SUPPLIED RECORDS ::

----------

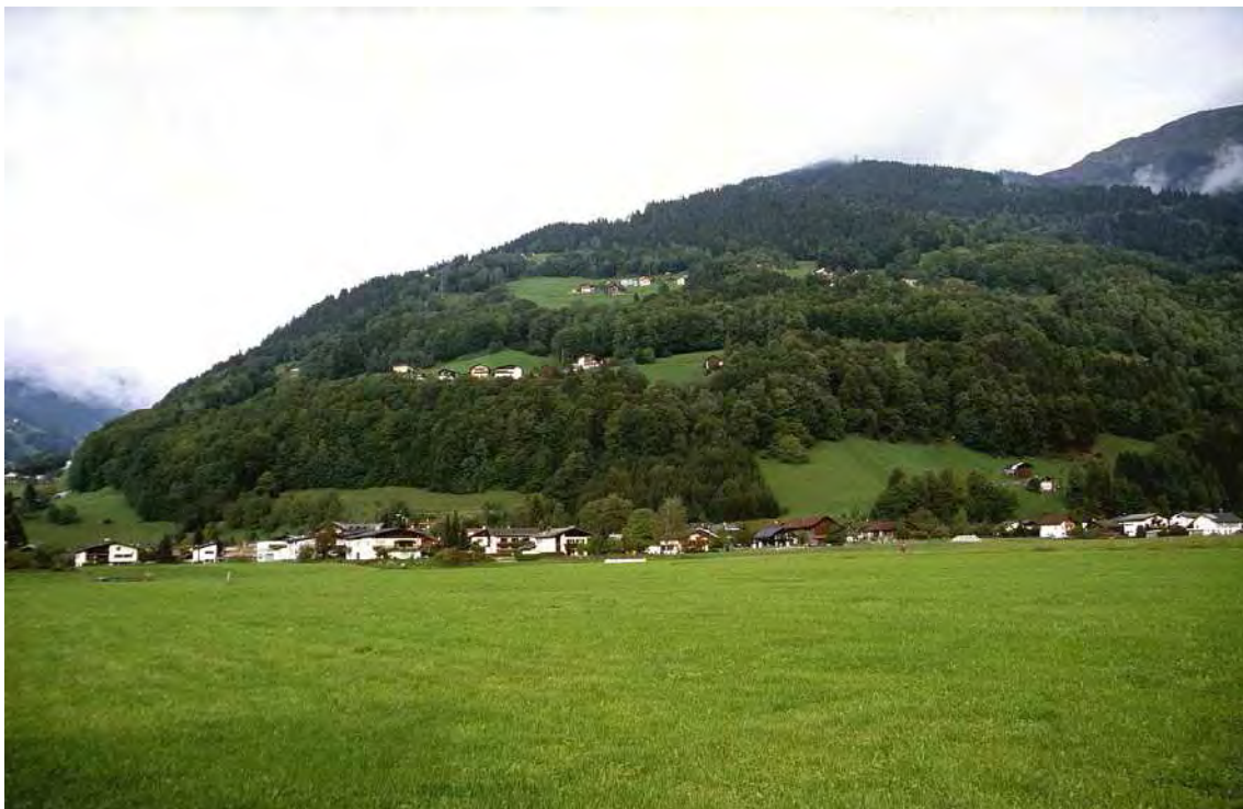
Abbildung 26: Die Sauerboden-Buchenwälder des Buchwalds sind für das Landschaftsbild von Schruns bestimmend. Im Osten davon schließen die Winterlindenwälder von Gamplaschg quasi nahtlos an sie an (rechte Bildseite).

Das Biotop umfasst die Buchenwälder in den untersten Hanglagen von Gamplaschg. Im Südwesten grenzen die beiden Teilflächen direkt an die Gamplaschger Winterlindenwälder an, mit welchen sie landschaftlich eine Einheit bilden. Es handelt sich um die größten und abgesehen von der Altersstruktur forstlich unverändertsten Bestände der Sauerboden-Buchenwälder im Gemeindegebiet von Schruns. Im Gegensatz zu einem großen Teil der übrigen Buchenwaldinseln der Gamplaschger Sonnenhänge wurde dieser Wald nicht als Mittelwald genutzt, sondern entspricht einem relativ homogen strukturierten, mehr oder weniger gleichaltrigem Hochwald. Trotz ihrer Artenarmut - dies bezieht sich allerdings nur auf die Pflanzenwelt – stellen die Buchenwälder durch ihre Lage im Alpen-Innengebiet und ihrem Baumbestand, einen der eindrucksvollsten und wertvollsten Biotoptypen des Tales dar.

----------

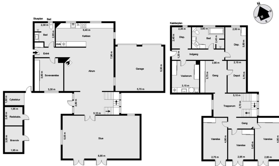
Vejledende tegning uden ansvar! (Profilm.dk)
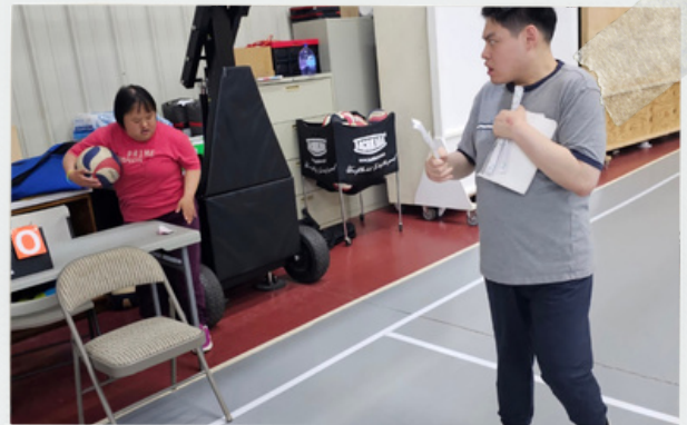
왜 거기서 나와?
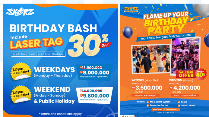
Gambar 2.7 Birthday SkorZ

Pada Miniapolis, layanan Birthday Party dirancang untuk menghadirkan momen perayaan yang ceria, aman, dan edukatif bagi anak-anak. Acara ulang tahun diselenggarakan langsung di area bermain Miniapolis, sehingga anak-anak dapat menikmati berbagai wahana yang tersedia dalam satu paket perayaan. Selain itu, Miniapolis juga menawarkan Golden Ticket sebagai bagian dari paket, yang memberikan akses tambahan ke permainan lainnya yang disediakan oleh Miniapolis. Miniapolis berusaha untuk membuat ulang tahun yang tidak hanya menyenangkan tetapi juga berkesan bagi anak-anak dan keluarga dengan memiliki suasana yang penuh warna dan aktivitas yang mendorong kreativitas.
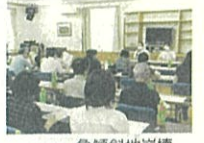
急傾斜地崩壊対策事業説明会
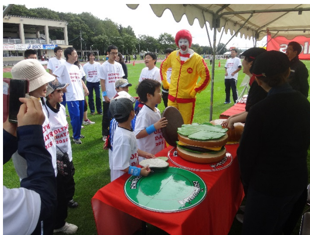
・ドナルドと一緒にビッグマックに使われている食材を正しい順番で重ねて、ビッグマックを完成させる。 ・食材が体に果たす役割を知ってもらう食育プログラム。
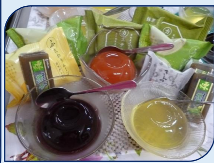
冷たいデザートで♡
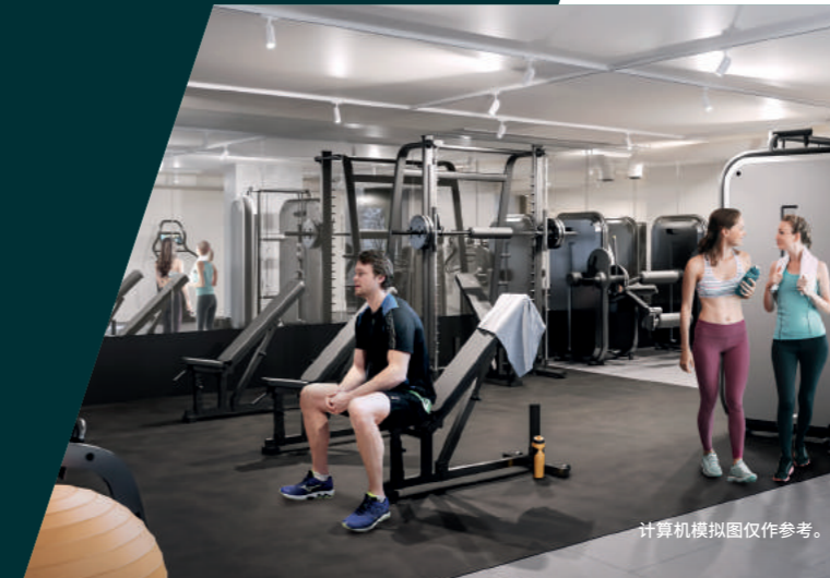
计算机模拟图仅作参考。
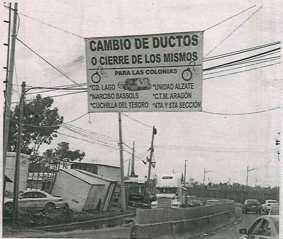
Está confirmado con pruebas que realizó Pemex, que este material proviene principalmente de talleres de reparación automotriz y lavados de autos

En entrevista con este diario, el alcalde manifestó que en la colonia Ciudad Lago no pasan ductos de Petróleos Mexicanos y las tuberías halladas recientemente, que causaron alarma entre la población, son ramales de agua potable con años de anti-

----------

TASK TO CARRY OUT :: Using the listing above, locate the lines that hold "Birthday" and copy each one.

OUTPUT OF THE TASK ::
Gambar 2.7 Birthday SkorZ
Pada Miniapolis, layanan Birthday Party dirancang untuk menghadirkan momen perayaan yang ceria, aman, dan edukatif bagi anak-anak. Acara ulang tahun diselenggarakan langsung di area bermain Miniapolis, sehingga anak-anak dapat menikmati berbagai wahana yang tersedia dalam satu paket perayaan. Selain itu, Miniapolis juga menawarkan Golden Ticket sebagai bagian dari paket, yang memberikan akses tambahan ke permainan lainnya yang disediakan oleh Miniapolis. Miniapolis berusaha untuk membuat ulang tahun yang tidak hanya menyenangkan tetapi juga berkesan bagi anak-anak dan keluarga dengan memiliki suasana yang penuh warna dan aktivitas yang mendorong kreativitas.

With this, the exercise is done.